Em meio ao processo de instalação do Polo de Guaiuba, os empresários cearenses vão conquistando mercados

Escrito por
Levi de Freitas - Repórter producaodiario@svm.com.br
Legenda: A Biomátika, empresa fundada em 2006 e atualmente instalada em Eusébio, vem promovendo pesquisas e desenvolvendo produtos de destaque, com atenção especial ao mercado farmacêutico
Foto: Foto: Kid Júnior

O atual cenário político e econômico do País tem sido usado como argumento para justificar resultados ruins para alguns segmentos, ditos afetados diretamente pela instabilidade instaurada no Brasil. Contudo, há quem consiga escapar das dificuldades e até obter conquistas em meio ao caos. No Ceará, o setor químico é um exemplo de quem vem conseguindo sobreviver à atual crise.

Em meio ao processo de instalação do Polo Químico de Guaiuba, previsto para o ano que vem, os empresários vão conquistando mercados País afora, como no caso das fábricas de saneantes, isto é, aquelas substâncias e compostos químicos para a desinfecção e higienização, como sabão, detergente e alvejante. De acordo com o presidente do Centro Industrial do Ceará (CIC), José Dias, este segmento específico tem se destacado.

"O setor de saneantes está pujante, crescendo bastante. A maior parte é formado por médias empresas, não tem nenhum gigante no Estado ainda, mas a participação dos cearenses no mercado tem crescido bastante e ultrapassado barreiras. Vendemos para o Norte e Nordeste inteiros, e abastecemos o Ceará", afirmou Dias.

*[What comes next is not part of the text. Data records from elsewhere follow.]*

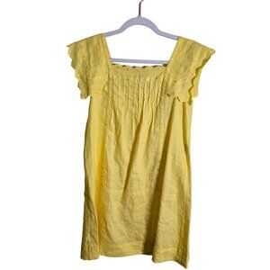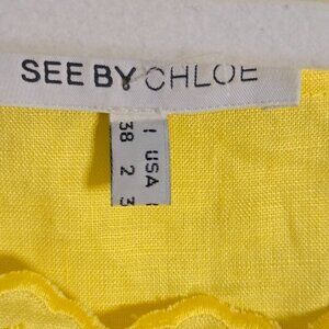 See By Chloe Y2K Yellow Linen Embroidered Mini Dress Size 2. Pit to pit 18", shoulder to hem 32", Designer, Pin Tuck Square Neckline, Scalloped Trim, Cap Ruffle Shirt Sleeves, Tone On Tone Embroidered, Tiny Faint Spot as pictured. Good Pre-Owned Condition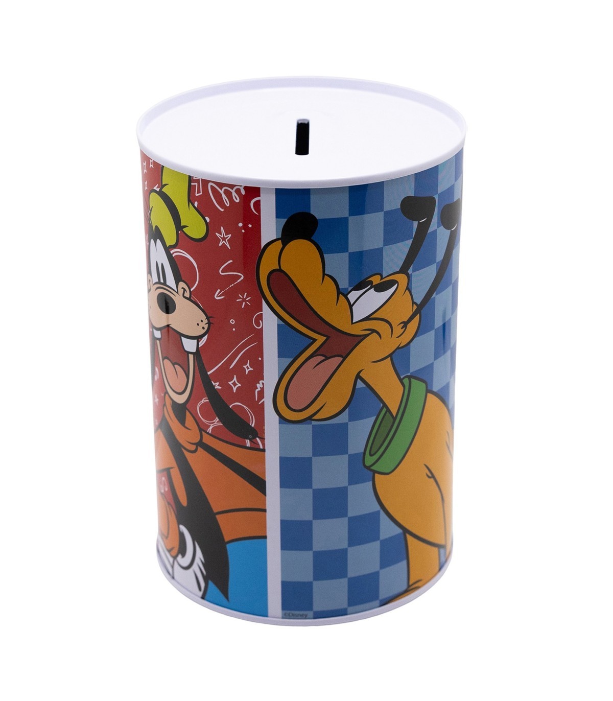 Práctica hucha infantil metálica para los ahorros de los más pequeños decorada con atractivos diseños basados en los personajes principales de sus series favoritas.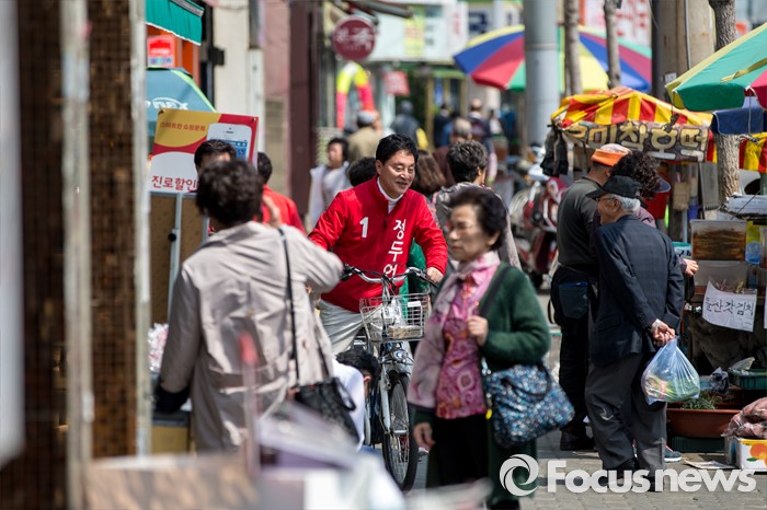 (서울=포커스뉴스) 정두언 새누리당 서대문을 후보가 5일 오후 서울 서대문구 백련시장 일대에서 자전거를 타고 주민들을 만나며 한 표를 호소 하고 있다.

Também segue bem avaliado pelo CIC o desempenho do setor fabril de embalagens plásticas no Estado. "Temos fábricas no Ceará que atendem à demanda de outros segmentos, como alimentação, farmacêutico, bebidas", destacou.

O presidente do Centro Industrial do Ceará apontou ainda as fábricas de cosméticos como outra categoria relevante para o setor químico no Estado.

"São em torno de 35 empresas, em um setor que é dividido. Algumas empresas trabalham com sistema de catálogo, outras atuam junto às clínicas de estética, e outras vendem no varejo, para farmácias e supermercados. É um setor que tem crescido muito, tem se mantido muito bem. O Ceará produz praticamente tudo, exceto maquiagem e batom", frisou.

Contudo, nada se compara à relevância do setor farmacêutico cearense a nível de continente americano. O Estado é hoje, conforme José Dias, o maior produtor de soluções parenterais, isto é, compostos feitos para alimentação através de via diferente da gastrointestinal, da América Latina. Hospitais de todo o País e da região latino-americana utilizam o produto daqui.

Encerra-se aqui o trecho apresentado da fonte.